RECORDS FOR THE TASK:
┄┄┄┄┄┄┄┄┄┄┄┄┄┄┄┄┄┄┄┄

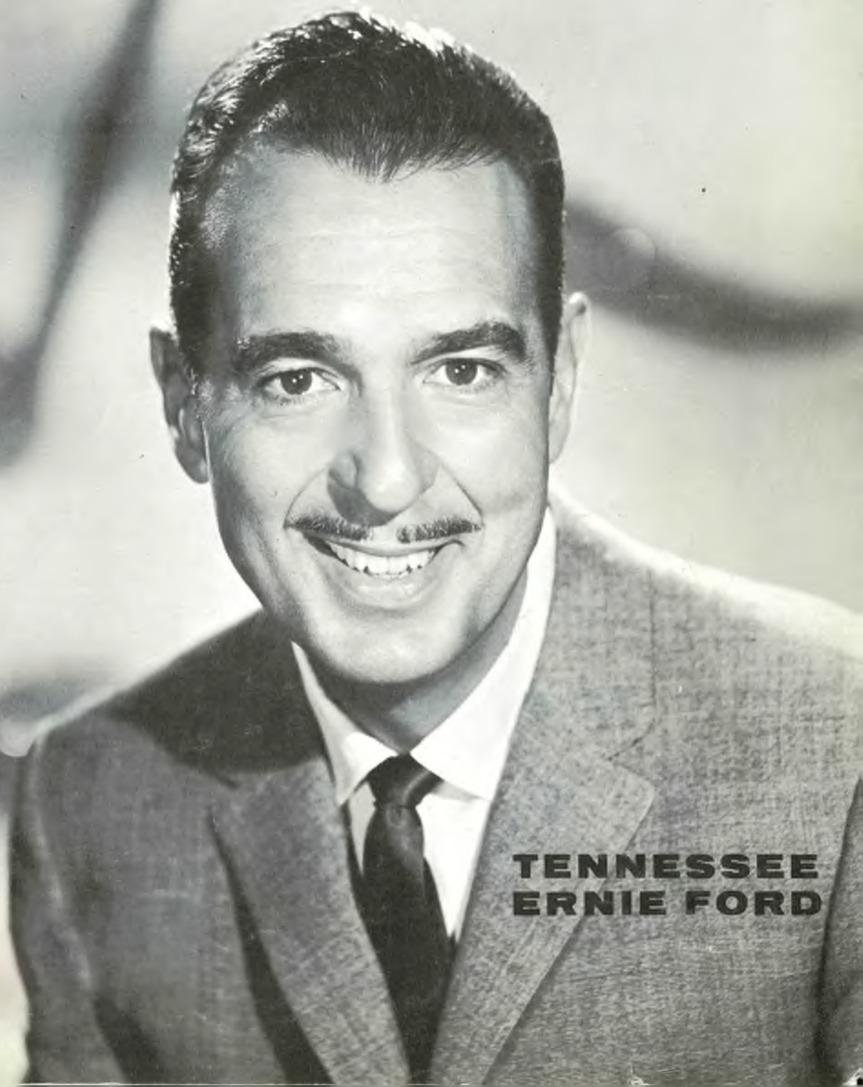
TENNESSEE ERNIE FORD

┄┄┄┄┄┄┄┄┄┄┄┄┄┄┄┄┄┄┄┄

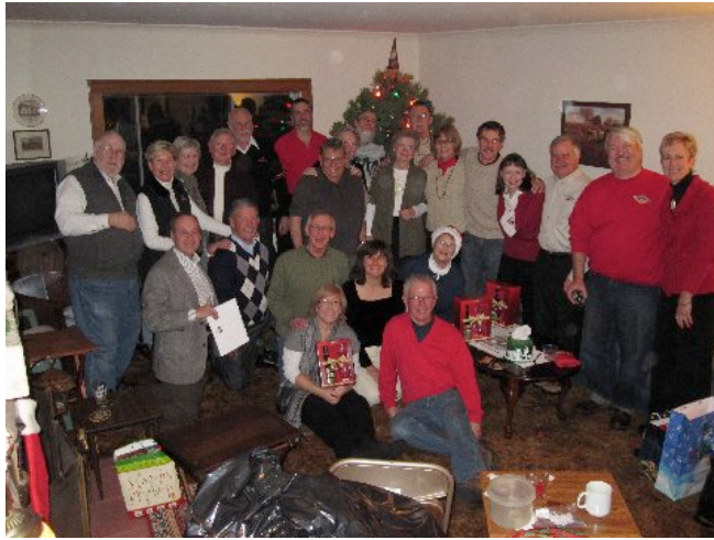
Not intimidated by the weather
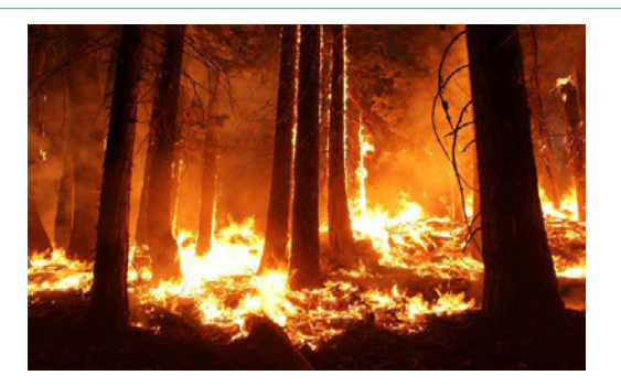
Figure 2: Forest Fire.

┄┄┄┄┄┄┄┄┄┄┄┄┄┄┄┄┄┄┄┄

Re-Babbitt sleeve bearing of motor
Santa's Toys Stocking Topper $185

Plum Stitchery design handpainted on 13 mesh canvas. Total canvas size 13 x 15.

┄┄┄┄┄┄┄┄┄┄┄┄┄┄┄┄┄┄┄┄

ASSIGNED TASK: In the listing above, find the line with "Santa's Toys Stocking Topper $185" and the line with "Plum Stitchery design". Output those two lines and every line between them, exactly as written.

EXERCISE RESPONSE:
Santa's Toys Stocking Topper $185

Plum Stitchery design handpainted on 13 mesh canvas. Total canvas size 13 x 15.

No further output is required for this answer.